Intangible Heritage

The Pig Slaughter (Matança do Porco)

The pig slaughter, a communal ritual of the Portuguese rural winter: practices, cured sausages, sarrabulho and its place in the intangible cultural heritage.

The Pig Slaughter (Matança do Porco)
José Luís Ávila Silveira/Pedro Noronha e Costa, Public domain — Wikimedia Commons

The pig slaughter (matança do porco) is one of the most deeply rooted rituals of the Portuguese rural calendar. For centuries it represented, for the great majority of peasant families, the main reserve of animal protein for the whole year: from the pig “everything was used”, in a subsistence economy in which little went to waste. More than an act of slaughter, it was a social event that brought together relatives, neighbours and friends around shared labour and the celebration that accompanied it.

Calendar and practices

The slaughter is concentrated in the cold months, above all between November and January, because the low temperature is essential for preserving the meat and curing the sausages without their spoiling. The day is organised according to a well-known sequence: the slaughter at daybreak, the collection of the blood, the scalding and scraping of the bristles, the opening of the carcass and the butchering. Each gesture has its own person responsible for it, and the knowledge is passed on orally, from generation to generation, in the very act of doing.

The butchering gives rise to a chain of transformations that stretches over weeks. The meat is salted, seasoned and stuffed into casings to produce the smoked range: chouriças, salpicões, paios and, in certain regions, the alheira. The pieces then go to the smoking chamber, where slow smoking — historically indispensable for preservation — gives them their characteristic aroma. Dishes for immediate consumption, such as sarrabulho prepared with the cooked blood, mark the communal meal that closes the day’s work.
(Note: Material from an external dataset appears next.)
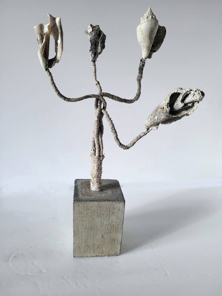 THESE WORKS ARE MADE FROM SHELLS FOUND ON THE BEACH, METAL WIRE, TWINE AND CEMENT. I WANTED TO MAKE THEM LOOK LIKE FOSSILIZED ANCIENT FLOWERS, OR LIKE FANTASTIC FLOWERS FOUND BY ASTRONAUTS ON OTHER PLANET.
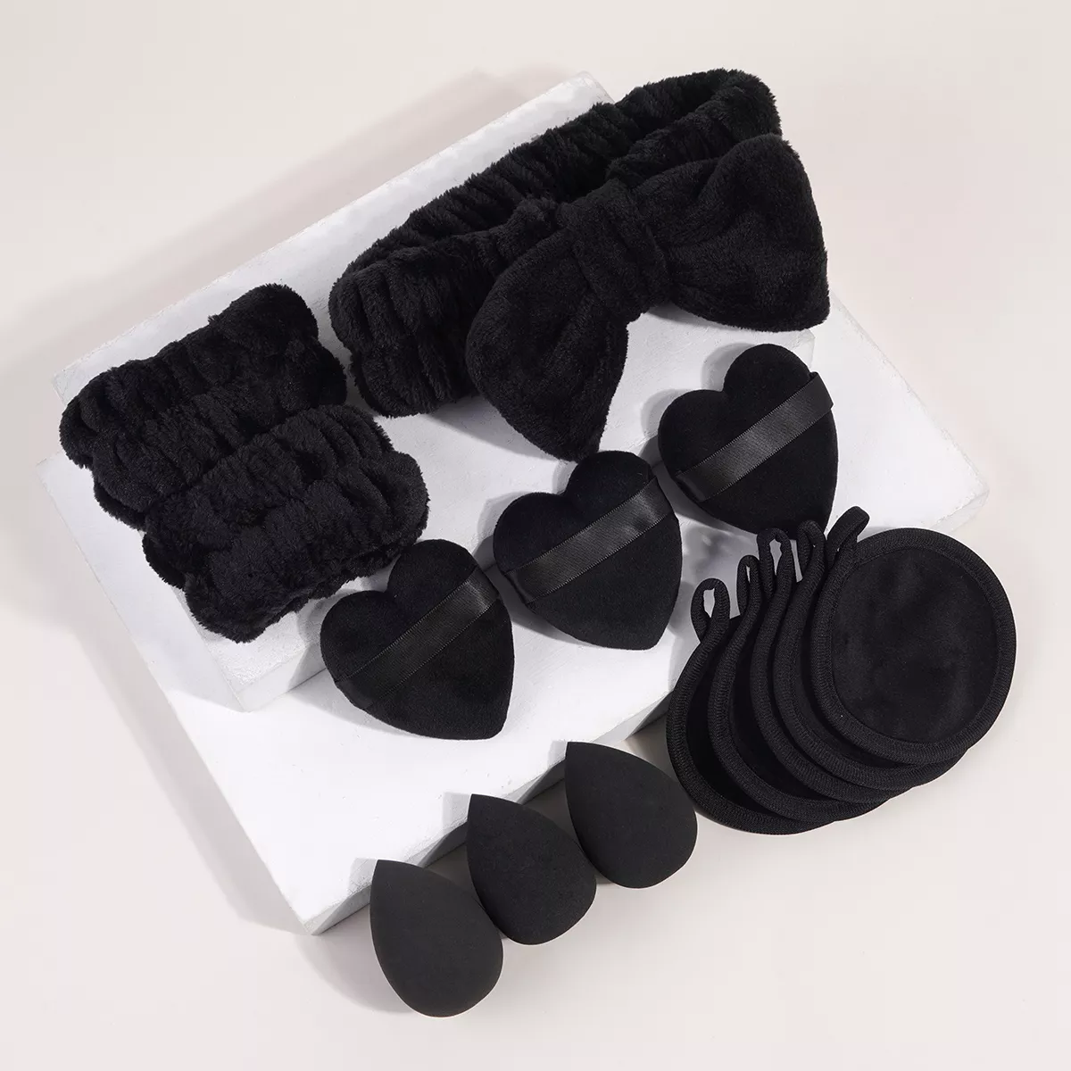 • All-in-One Set – Includes 14 essential makeup tools: sponges, a headband, and wristbands

Communal and symbolic dimension

More than a supply operation, the slaughter was a moment of fellowship and of strengthening the bonds of mutual aid. The collective presence, the division of tasks and the sharing of the first delicacies set it within a festive cycle of the rural winter, close to other manifestations of Portuguese intangible cultural heritage. In many villages the calendar linked it to the winter festivities that punctuate the north-east of Trás-os-Montes and the inland Beira.

Cured sausages and pork are, moreover, a pillar of the traditional diet of the interior, in dialogue with the values of sharing, seasonality and full use that shape the Mediterranean diet. It is also within the material universe of pastoralism and rural life — to which belongs, for example, the making of cowbells — that the slaughter finds its broadest cultural context.

Heritage and preservation

The domestic practice has gone into steep decline in recent decades, as a result of the rural exodus, changes in ways of life and health regulation. Portuguese law continues to authorise the slaughter for self-consumption, within limits and rules of sanitation, as well as its performance at public events of a cultural and gastronomic character.
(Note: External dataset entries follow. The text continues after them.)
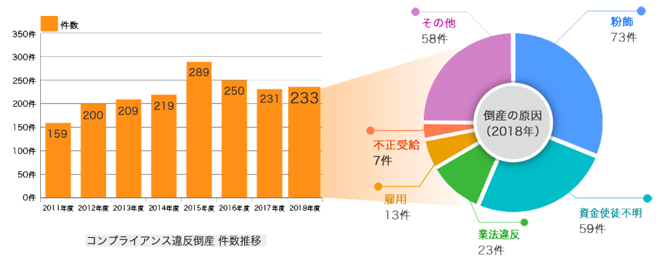 帝国データバンクによると、2018年にコンプライアンス違反で倒産した企業は、233社で、粉飾が原因で倒産した企業は、73件(31.3%)、資金使徒不明が原因で倒産した企業は、59件(25.3%)に上るとのことです。
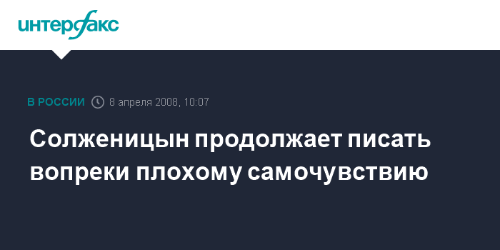Солженицын продолжает писать вопреки плохому самочувствию
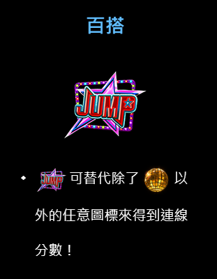 這款遊戲的「百搭符號」就是那個閃爍著星芒的「JUMP」圖示。它的功能很簡單,就是可以替代除了金色鏡球以外的所有圖案,幫助你完成連線組合,甚至可能讓你從兩圖連線提升成三圖,實質拉高中獎機會。
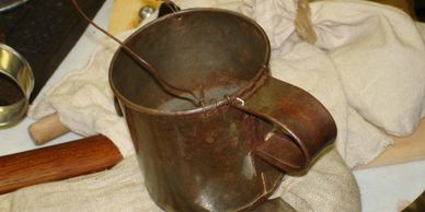 A tin cup would be a common item that the soldados would carry in a haversack when they traveled from place to place. Hannah and Jackie used a cup like this one to prepare coffee.
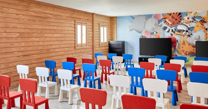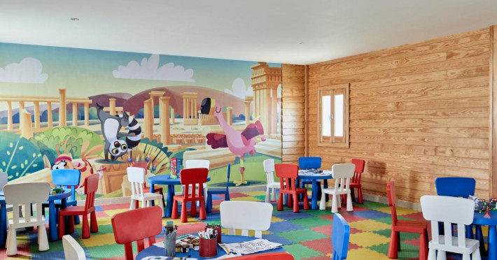 Copiii se pot distra la piscina special amenajată pentru ei.
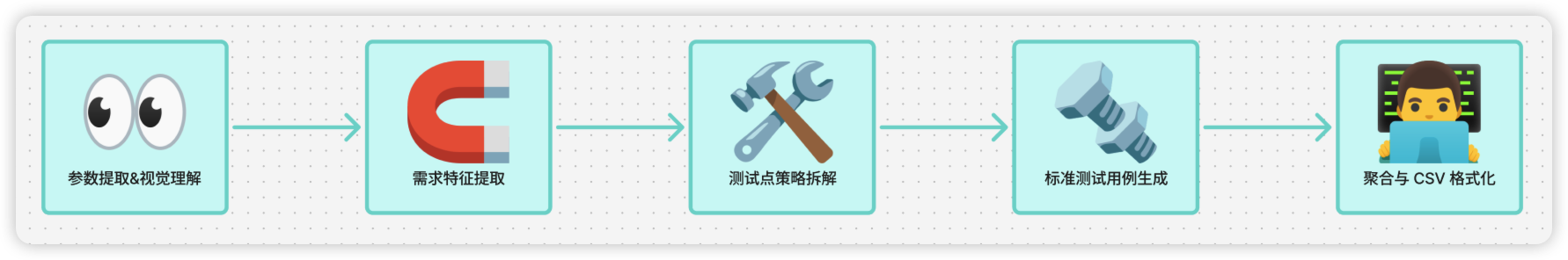 这套工作流(如下图)通过需求提取、策略拆解、用例生成、格式规范四个节点,把“人脑排雷”变成了“工业化流水线”。
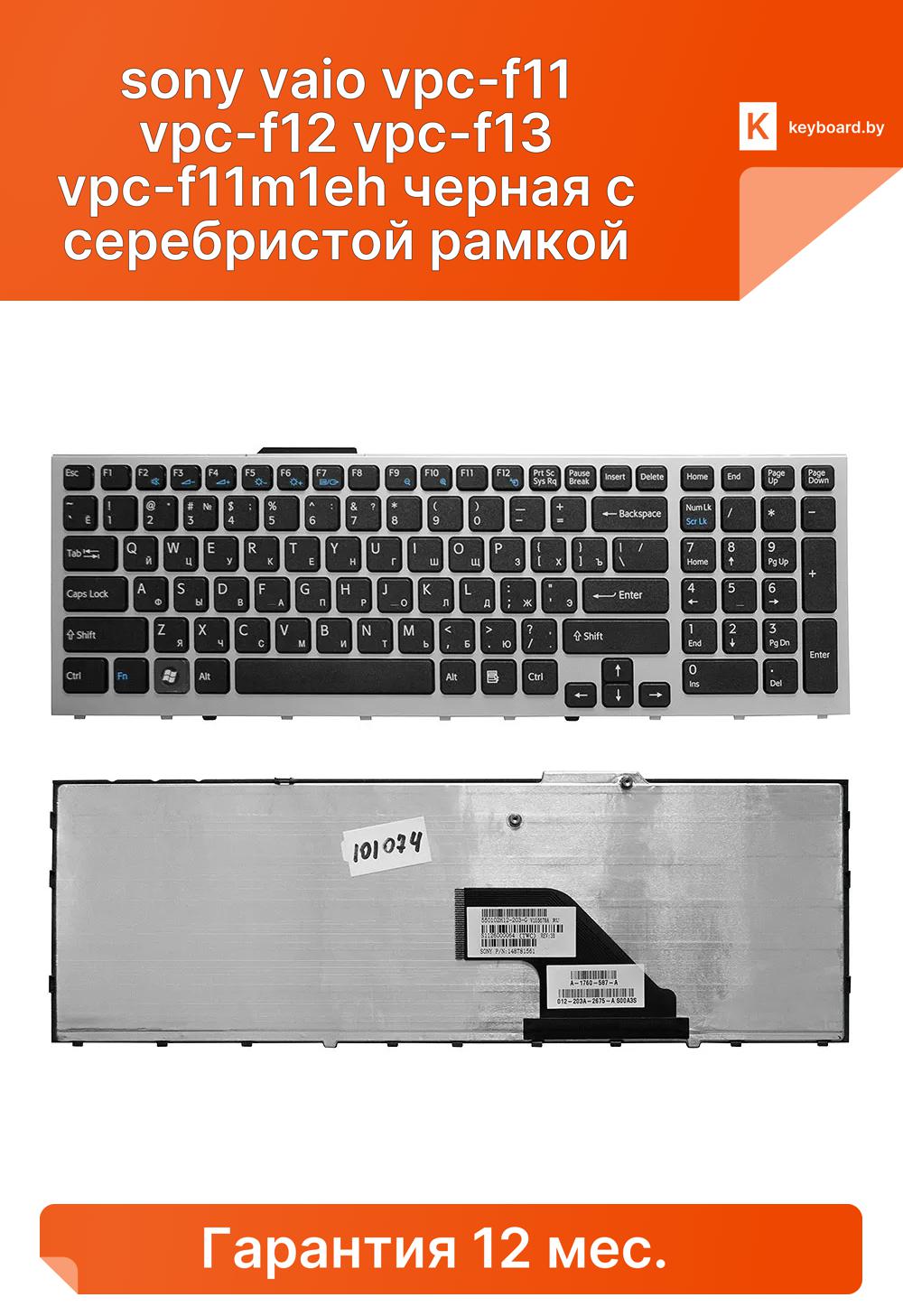 Клавиатура для ноутбука sony vaio vpc-f11 vpc-f12 vpc-f13 vpc-f11m1eh черная с серебристой рамкой

In response to this decline, municipalities, brotherhoods and associations have promoted re-enactments and pig-slaughter festivals, above all in Trás-os-Montes, the Minho and the Beiras, which seek to fix in collective memory the gestures, the know-how and the flavours associated with the ritual. These efforts form part of the work of inventorying and safeguarding the intangible heritage, recognising in the pig slaughter not merely a technique of food production, but a cultural complex that brings together labour, festivity, gastronomy and the identity of Portuguese rural communities.

Frequently asked questions

At what time of year does the pig slaughter take place?
It is held above all between November and January, in the depths of winter, because the low temperatures make it easier to preserve the meat and cure the sausages.
Is slaughtering a pig for one's own consumption permitted in Portugal?
Yes. Portuguese law authorises the domestic slaughter of pigs for self-consumption, subject to health rules; public events featuring the traditional slaughter are likewise permitted for cultural and gastronomic purposes.
What products come out of the slaughter?
Fresh meat, bacon fat and lard, and a wide range of smoked cured sausages such as chouriça, salpicão and alheira, as well as immediate dishes such as sarrabulho.